Task statement >>
When you write out the listing below, keep each word exactly as it stands and drop the pictures.

Source data >>
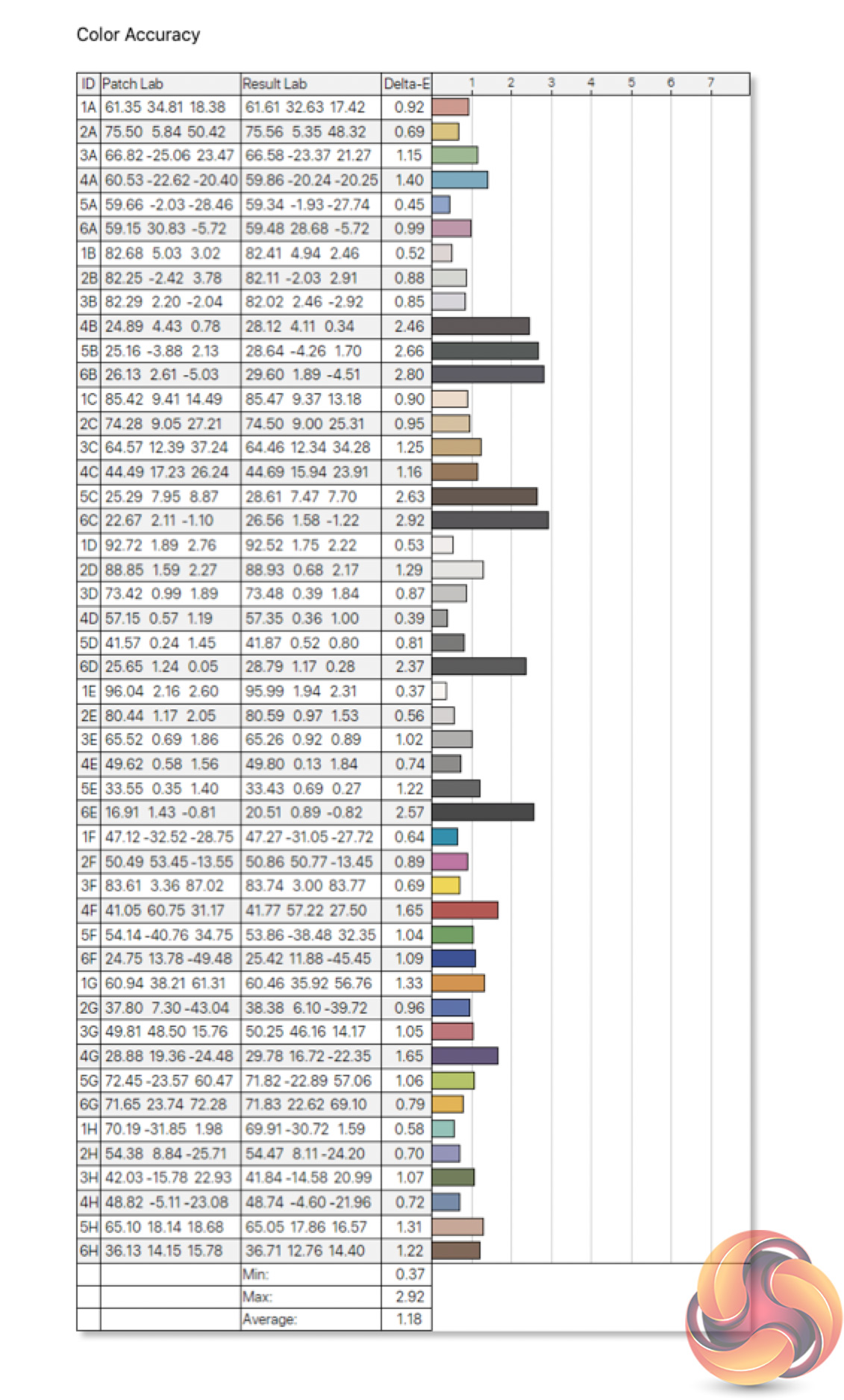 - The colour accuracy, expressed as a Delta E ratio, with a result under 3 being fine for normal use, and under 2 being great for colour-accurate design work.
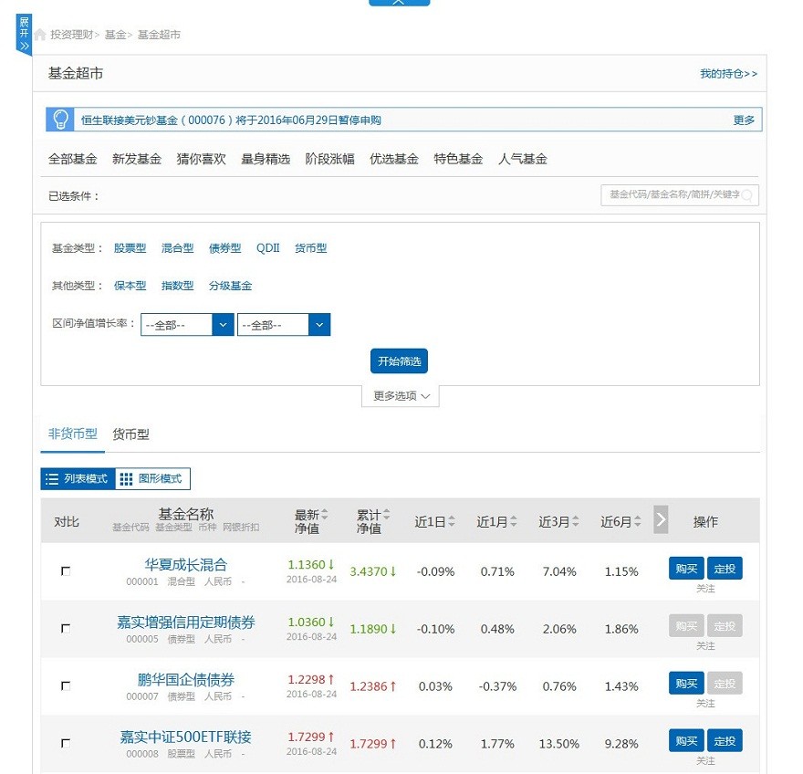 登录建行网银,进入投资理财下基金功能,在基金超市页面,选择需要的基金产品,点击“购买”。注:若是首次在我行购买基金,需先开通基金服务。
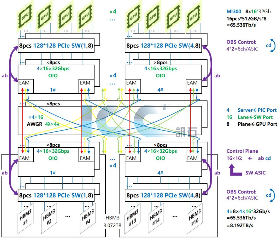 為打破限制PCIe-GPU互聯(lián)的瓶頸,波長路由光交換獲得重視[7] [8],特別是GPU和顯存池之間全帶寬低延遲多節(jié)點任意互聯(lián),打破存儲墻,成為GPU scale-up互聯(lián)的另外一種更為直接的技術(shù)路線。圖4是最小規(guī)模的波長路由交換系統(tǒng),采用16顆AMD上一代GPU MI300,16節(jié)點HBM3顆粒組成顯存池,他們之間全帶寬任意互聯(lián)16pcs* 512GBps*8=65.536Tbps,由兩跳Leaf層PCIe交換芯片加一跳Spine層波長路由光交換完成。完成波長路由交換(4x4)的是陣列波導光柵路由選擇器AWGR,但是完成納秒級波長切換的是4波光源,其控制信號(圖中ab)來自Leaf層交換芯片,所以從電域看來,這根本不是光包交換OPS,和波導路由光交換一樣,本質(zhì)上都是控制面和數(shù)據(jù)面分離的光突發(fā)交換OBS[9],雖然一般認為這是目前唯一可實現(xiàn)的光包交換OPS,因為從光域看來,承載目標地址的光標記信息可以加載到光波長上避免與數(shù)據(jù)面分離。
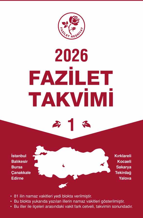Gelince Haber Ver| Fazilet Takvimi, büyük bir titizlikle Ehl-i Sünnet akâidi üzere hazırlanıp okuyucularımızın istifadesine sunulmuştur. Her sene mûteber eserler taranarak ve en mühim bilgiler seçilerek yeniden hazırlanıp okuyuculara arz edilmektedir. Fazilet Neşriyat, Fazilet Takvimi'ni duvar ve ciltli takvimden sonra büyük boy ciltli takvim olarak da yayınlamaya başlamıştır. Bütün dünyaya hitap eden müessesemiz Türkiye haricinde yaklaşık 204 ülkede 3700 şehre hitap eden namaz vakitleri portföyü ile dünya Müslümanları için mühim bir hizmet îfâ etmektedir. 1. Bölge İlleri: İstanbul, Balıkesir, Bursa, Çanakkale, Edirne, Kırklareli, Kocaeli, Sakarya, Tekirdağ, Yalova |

Solution for this problem >>
 - The colour accuracy, expressed as a Delta E ratio, with a result under 3 being fine for normal use, and under 2 being great for colour-accurate design work.
 登录建行网银,进入投资理财下基金功能,在基金超市页面,选择需要的基金产品,点击“购买”。注:若是首次在我行购买基金,需先开通基金服务。
 為打破限制PCIe-GPU互聯(lián)的瓶頸,波長路由光交換獲得重視[7] [8],特別是GPU和顯存池之間全帶寬低延遲多節(jié)點任意互聯(lián),打破存儲墻,成為GPU scale-up互聯(lián)的另外一種更為直接的技術(shù)路線。圖4是最小規(guī)模的波長路由交換系統(tǒng),采用16顆AMD上一代GPU MI300,16節(jié)點HBM3顆粒組成顯存池,他們之間全帶寬任意互聯(lián)16pcs* 512GBps*8=65.536Tbps,由兩跳Leaf層PCIe交換芯片加一跳Spine層波長路由光交換完成。完成波長路由交換(4x4)的是陣列波導光柵路由選擇器AWGR,但是完成納秒級波長切換的是4波光源,其控制信號(圖中ab)來自Leaf層交換芯片,所以從電域看來,這根本不是光包交換OPS,和波導路由光交換一樣,本質(zhì)上都是控制面和數(shù)據(jù)面分離的光突發(fā)交換OBS[9],雖然一般認為這是目前唯一可實現(xiàn)的光包交換OPS,因為從光域看來,承載目標地址的光標記信息可以加載到光波長上避免與數(shù)據(jù)面分離。
Gelince Haber Ver| Fazilet Takvimi, büyük bir titizlikle Ehl-i Sünnet akâidi üzere hazırlanıp okuyucularımızın istifadesine sunulmuştur. Her sene mûteber eserler taranarak ve en mühim bilgiler seçilerek yeniden hazırlanıp okuyuculara arz edilmektedir. Fazilet Neşriyat, Fazilet Takvimi'ni duvar ve ciltli takvimden sonra büyük boy ciltli takvim olarak da yayınlamaya başlamıştır. Bütün dünyaya hitap eden müessesemiz Türkiye haricinde yaklaşık 204 ülkede 3700 şehre hitap eden namaz vakitleri portföyü ile dünya Müslümanları için mühim bir hizmet îfâ etmektedir. 1. Bölge İlleri: İstanbul, Balıkesir, Bursa, Çanakkale, Edirne, Kırklareli, Kocaeli, Sakarya, Tekirdağ, Yalova |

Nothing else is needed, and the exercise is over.